You can transform purely functional programs into imperative programs trivially.
And you can transform imperative programs into purely functional programs, e.g. by using immutable arrays to represent the heap, etc. (basically, you could write a CPU emulator in Haskell, and let your program call it).
So from a theorem proving point of view, both paradigms are equivalent.
And you can transform imperative programs into purely functional programs, e.g. by using immutable arrays to represent the heap, etc. (basically, you could write a CPU emulator in Haskell, and let your program call it).
So from a theorem proving point of view, both paradigms are equivalent.
Your reasoning is faulty for two reasons. First, the transformation may not preserve the space complexity of the input (program size). So if a transformed program is exponentially bigger than the original, it is not equivalent from the prover's perspective. Second, even if the program size is preserved, the prover needs to write the proof. Finding a proof is a non-trivial problem, and there is no general mechanized way to do it. Therefore, we rely on human practice and intuition. It is therefore possible that human reasoning would work better in one formalism than another (although the avantage, if there is one, may change in favor of one formalism or the other depending on the specific problem, too). Now, I'm not saying either of these actually occurs, and it is possible the the two are more-or-less equivalent, but if so, it is not an immediate consequence of there being a transformation from one to the other.
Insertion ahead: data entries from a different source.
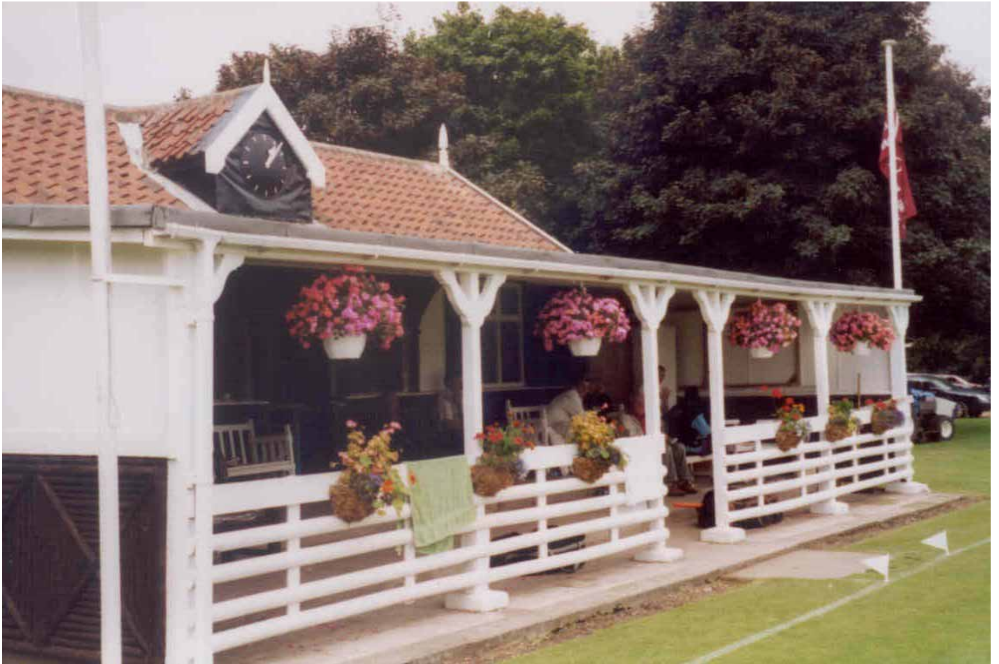
22 Worksop College, Notts
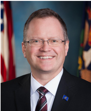
LT. GOVERNOR BRENT SANFORD
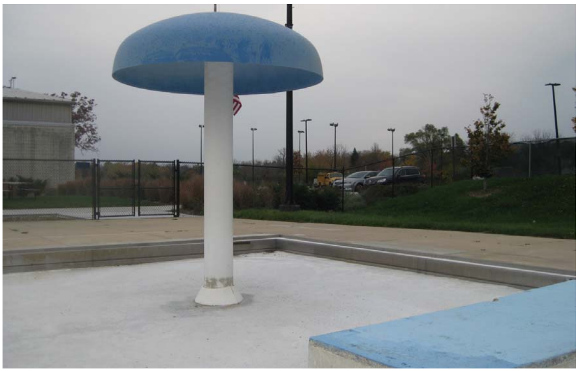
Water feature in wading pool
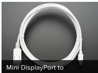
Mini DisplayPort to

The thing is that proving small functions to be correct is often quite useless. You can cover them well enough with a set of unit tests. The big challenge are larger parts of the code, like entire classes or parts of a program. These kinds of things are very hard to prove formally. Even if you did prove them formally, the spec according to which you programmed might be wrong, or the compiler might be wrong (I've seen a variety of compiler bugs, especially larger projects uncover them). Formally proving code is like making sure that every single screw of a self-driving car is tightened to an exact torque, but then the car runs over a person anyway. It's solving the wrong problem.
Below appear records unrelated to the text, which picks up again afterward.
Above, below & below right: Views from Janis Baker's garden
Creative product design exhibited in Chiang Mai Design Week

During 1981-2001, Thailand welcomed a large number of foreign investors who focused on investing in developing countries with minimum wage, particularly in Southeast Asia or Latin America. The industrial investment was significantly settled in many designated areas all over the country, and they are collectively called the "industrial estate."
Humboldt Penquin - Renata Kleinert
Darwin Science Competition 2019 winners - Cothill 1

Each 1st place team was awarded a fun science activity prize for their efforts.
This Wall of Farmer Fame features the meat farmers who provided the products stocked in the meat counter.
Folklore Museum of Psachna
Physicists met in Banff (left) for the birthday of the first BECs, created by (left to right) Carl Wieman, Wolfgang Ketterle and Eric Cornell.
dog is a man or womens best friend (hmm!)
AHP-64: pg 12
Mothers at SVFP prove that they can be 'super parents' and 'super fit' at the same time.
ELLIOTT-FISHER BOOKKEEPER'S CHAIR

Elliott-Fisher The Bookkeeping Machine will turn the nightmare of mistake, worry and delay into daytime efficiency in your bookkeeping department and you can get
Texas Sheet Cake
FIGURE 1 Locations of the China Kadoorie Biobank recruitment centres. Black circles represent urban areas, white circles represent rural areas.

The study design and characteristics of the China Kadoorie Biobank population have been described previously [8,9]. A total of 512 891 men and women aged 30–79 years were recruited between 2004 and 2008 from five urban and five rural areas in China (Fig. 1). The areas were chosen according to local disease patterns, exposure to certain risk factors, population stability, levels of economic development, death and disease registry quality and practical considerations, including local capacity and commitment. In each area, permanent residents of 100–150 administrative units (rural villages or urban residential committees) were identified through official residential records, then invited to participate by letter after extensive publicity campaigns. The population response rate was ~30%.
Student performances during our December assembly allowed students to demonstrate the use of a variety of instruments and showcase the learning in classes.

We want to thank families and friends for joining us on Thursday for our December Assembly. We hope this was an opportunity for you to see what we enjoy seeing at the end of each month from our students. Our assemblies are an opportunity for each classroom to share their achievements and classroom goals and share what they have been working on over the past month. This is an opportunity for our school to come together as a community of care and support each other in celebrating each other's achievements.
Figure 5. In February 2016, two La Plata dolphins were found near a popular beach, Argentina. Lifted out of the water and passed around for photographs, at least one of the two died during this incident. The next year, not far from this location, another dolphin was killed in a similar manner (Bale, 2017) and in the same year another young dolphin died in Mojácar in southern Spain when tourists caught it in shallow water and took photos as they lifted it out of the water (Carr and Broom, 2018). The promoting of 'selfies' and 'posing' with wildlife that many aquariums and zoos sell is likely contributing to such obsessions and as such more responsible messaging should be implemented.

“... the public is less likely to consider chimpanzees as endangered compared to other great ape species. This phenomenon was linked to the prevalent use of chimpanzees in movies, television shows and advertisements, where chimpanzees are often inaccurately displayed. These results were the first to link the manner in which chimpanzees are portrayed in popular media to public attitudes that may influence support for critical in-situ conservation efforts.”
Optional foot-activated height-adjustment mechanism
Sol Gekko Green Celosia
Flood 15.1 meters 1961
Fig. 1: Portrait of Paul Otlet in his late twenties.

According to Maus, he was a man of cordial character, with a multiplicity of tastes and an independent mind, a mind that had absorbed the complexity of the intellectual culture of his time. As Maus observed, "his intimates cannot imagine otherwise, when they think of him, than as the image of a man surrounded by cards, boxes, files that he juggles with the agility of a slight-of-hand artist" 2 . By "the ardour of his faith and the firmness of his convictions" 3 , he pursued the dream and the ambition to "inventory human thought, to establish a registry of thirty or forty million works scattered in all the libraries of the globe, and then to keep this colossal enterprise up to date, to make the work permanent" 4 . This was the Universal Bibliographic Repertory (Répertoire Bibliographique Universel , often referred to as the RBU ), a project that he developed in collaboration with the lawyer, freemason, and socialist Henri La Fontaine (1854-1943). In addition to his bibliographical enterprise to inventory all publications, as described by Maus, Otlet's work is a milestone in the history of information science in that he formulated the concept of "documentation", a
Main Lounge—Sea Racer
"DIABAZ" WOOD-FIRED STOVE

"..There was zero overlap between the provers and the bulldogs. I was expecting at least some overlap: somebody who mocked me but also provided a valid solution, or even tried but failed. But that didn’t happen.
I normally assume these people are “brilliant jerks”: they’re assholes online, but I still have to listen to them in case they say something important. This really cracked that assumption: none of the “brilliant jerks” were willing to put any skin in the game. You don’t have to listen if they have nothing to say."